Moen shoots the reporter, who shrieks somewhat more girlishly than she intends to. The dart lands with the force of a snapped rubber band; if she had been a zombie facing off with Moen's human, she'd have been stunned, unable to infect anybody with her undead germs for 15 minutes.
Every semester, more than 50 students at a time-up to 250 a few years ago, in Chapman and Moen's recollections-play for a week. Everyone starts as a human except the Original Zombie (OZ), who skulks around infecting people in secret; newly-minted zombies must wear headbands identifying them as zombies, then connive to eat (tag) humans, while the humans try to repel (with Nerf blasters or well-aimed socks) the zombies. Gameplay never really stops (except in safe spaces, like during class), but all the players come together six out of seven days to complete organized missions that move them through increasingly complex scenarios to the final battle, which takes place on a Saturday.
"This is my eighth game," says Chapman, adding that Whitman's is the second-oldest game of HvZ in the country, after Goucher College, where the game originated. "I got involved because I wanted to write the plots-we have characters, too: I was a zombie Marcus Whitman in the first one, and walked around tagging humans while wearing a coonskin cap."
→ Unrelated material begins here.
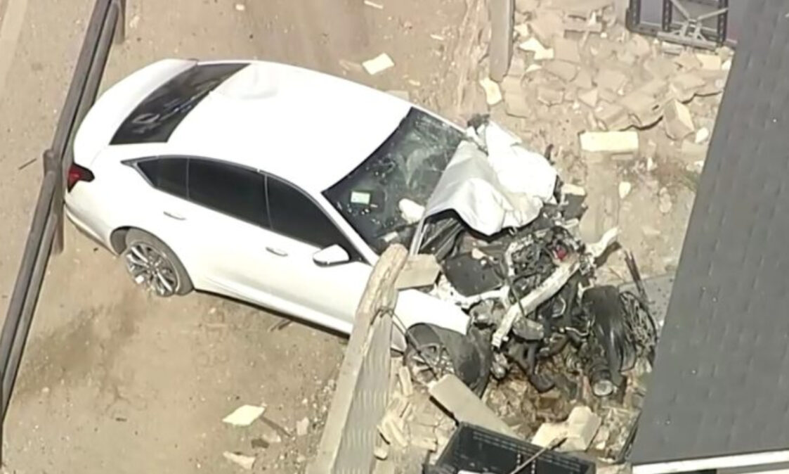 Εναέρια πλάνα που μετέδωσε το δίκτυο KABC καταγράφουν τη στιγμή που το αυτοκίνητο κινείται ανεξέλεγκτα, πριν προσκρούσει σε τοίχο κατοικίας.

Moen, on the other hand, arrived as a first year with the same last name as a HvZ player who had just graduated. Organizers who thought he was the graduate's younger brother (no relation in the end) invited him to play.
"HvZ was the way I met a number of people I'm still friends with," Moen says. "It got me out of my room first semester freshman year."
Moderators gather in the summer before the school year begins to conceptualize the HvZ games for the coming semesters. This spring's plot has a rough "humans vs. the Borg" feel to it-the zombies aren't just undead but are being assimilated into a computerized hive mind.
"Typically, we have a general idea," says Moen, "then we develop the gameplay mechanism. That way, the [experience] is designed from the gameplay perspective first, then the plot is written to fit."
Chapman's all-time favorite was last fall's Four Horseman of the Apocalypse-themed game. "I was Death," he says. "Someone else was War, then Pestilence and Famine."
"That was a really cool one, intersecting story and gameplay," agrees Moen. "People really got the connection between the plot and the day-to-day missions. It comes down to how well we managed to translate the themes."
Chapman says, "We bill it as a uniting experience, a way to make friends outside your dorm. Having someone's back is a good way to get to know them. And one of the biggest parts of the culture is telling stories."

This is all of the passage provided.